> _Description of the task_
Return all lines of the records that contain the word "with".

> _Recorded information_
***
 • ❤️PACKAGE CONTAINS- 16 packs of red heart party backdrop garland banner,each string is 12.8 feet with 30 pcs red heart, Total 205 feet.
***
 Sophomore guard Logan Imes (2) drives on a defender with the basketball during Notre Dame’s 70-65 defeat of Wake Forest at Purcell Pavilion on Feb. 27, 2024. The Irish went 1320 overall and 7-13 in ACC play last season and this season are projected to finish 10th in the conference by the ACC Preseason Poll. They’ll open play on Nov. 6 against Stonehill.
***
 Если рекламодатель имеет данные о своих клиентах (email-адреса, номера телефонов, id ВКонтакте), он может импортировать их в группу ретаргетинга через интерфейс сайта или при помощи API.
***
> _Output of the exercise_
 • ❤️PACKAGE CONTAINS- 16 packs of red heart party backdrop garland banner,each string is 12.8 feet with 30 pcs red heart, Total 205 feet.
 Sophomore guard Logan Imes (2) drives on a defender with the basketball during Notre Dame’s 70-65 defeat of Wake Forest at Purcell Pavilion on Feb. 27, 2024. The Irish went 1320 overall and 7-13 in ACC play last season and this season are projected to finish 10th in the conference by the ACC Preseason Poll. They’ll open play on Nov. 6 against Stonehill.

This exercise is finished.